--- Problem details ---
Output the full listing below exactly, without the pictures.

--- Collected material ---

··········

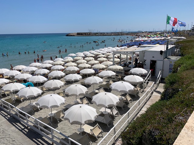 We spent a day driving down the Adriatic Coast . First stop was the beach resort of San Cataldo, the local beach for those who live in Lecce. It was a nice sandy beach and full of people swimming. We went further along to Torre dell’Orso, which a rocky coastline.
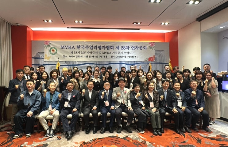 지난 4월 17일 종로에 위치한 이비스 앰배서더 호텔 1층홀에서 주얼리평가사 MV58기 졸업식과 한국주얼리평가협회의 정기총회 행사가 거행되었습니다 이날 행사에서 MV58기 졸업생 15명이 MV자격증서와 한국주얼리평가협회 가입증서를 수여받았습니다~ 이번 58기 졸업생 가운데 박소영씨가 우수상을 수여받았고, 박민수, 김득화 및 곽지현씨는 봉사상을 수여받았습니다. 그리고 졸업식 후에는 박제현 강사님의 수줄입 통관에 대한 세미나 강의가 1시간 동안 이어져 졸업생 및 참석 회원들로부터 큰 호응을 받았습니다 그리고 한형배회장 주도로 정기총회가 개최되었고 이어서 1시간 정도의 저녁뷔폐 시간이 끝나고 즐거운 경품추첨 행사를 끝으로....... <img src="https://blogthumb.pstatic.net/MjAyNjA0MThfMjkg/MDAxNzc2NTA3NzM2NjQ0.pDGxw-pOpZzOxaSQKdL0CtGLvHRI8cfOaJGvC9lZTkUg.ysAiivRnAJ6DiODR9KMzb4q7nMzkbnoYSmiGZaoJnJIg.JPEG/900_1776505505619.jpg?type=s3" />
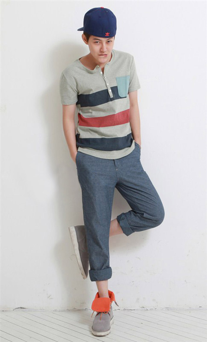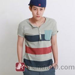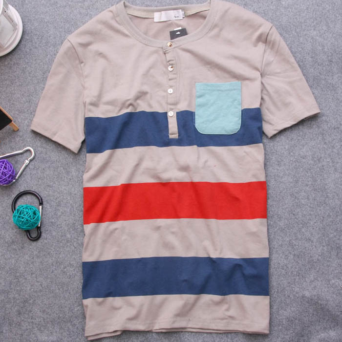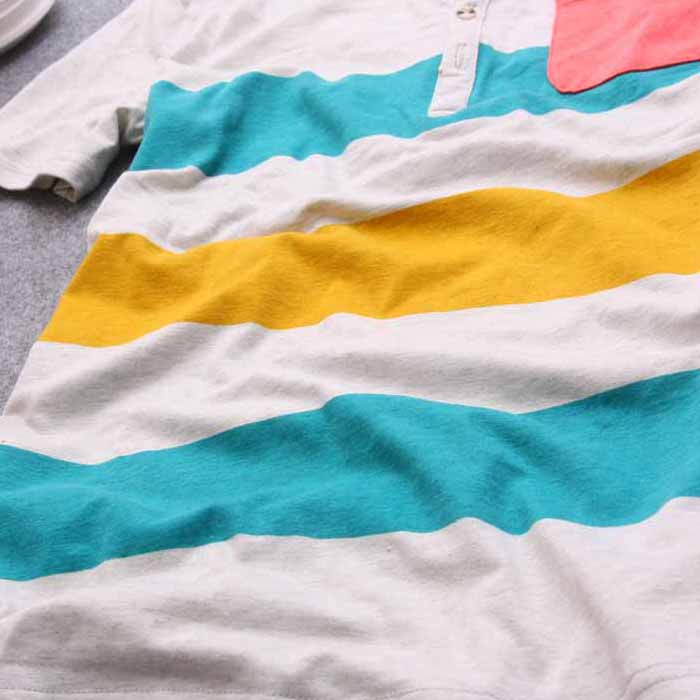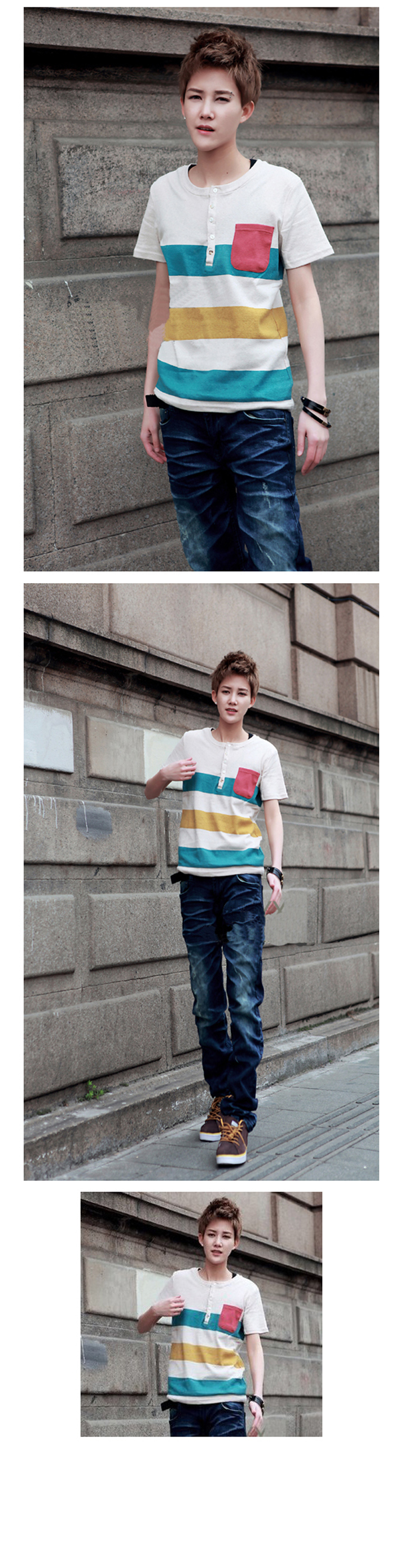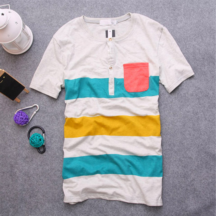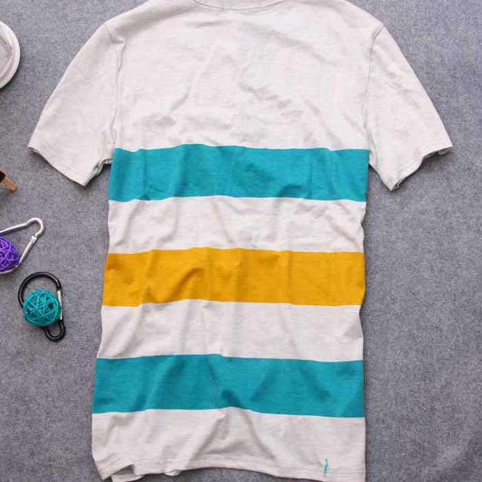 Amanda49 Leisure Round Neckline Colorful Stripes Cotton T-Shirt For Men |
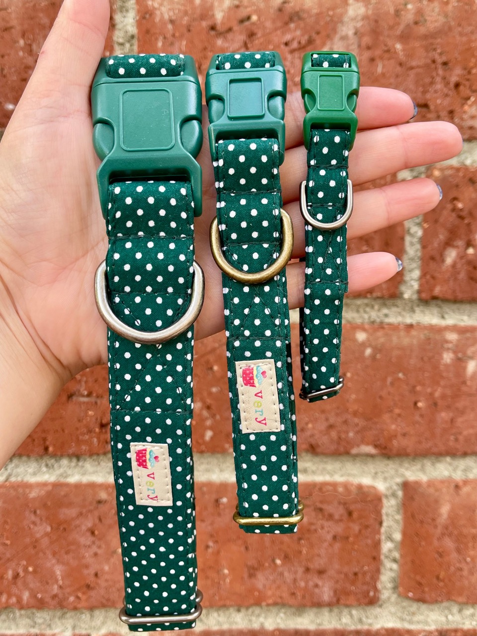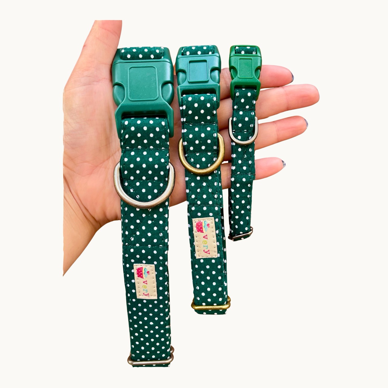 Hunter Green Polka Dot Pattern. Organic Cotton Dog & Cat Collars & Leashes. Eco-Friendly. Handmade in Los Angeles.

··········

--- Answer to this problem ---
 We spent a day driving down the Adriatic Coast . First stop was the beach resort of San Cataldo, the local beach for those who live in Lecce. It was a nice sandy beach and full of people swimming. We went further along to Torre dell’Orso, which a rocky coastline.
 지난 4월 17일 종로에 위치한 이비스 앰배서더 호텔 1층홀에서 주얼리평가사 MV58기 졸업식과 한국주얼리평가협회의 정기총회 행사가 거행되었습니다 이날 행사에서 MV58기 졸업생 15명이 MV자격증서와 한국주얼리평가협회 가입증서를 수여받았습니다~ 이번 58기 졸업생 가운데 박소영씨가 우수상을 수여받았고, 박민수, 김득화 및 곽지현씨는 봉사상을 수여받았습니다. 그리고 졸업식 후에는 박제현 강사님의 수줄입 통관에 대한 세미나 강의가 1시간 동안 이어져 졸업생 및 참석 회원들로부터 큰 호응을 받았습니다 그리고 한형배회장 주도로 정기총회가 개최되었고 이어서 1시간 정도의 저녁뷔폐 시간이 끝나고 즐거운 경품추첨 행사를 끝으로....... <img src="https://blogthumb.pstatic.net/MjAyNjA0MThfMjkg/MDAxNzc2NTA3NzM2NjQ0.pDGxw-pOpZzOxaSQKdL0CtGLvHRI8cfOaJGvC9lZTkUg.ysAiivRnAJ6DiODR9KMzb4q7nMzkbnoYSmiGZaoJnJIg.JPEG/900_1776505505619.jpg?type=s3" />
 Amanda49 Leisure Round Neckline Colorful Stripes Cotton T-Shirt For Men |
 Hunter Green Polka Dot Pattern. Organic Cotton Dog & Cat Collars & Leashes. Eco-Friendly. Handmade in Los Angeles.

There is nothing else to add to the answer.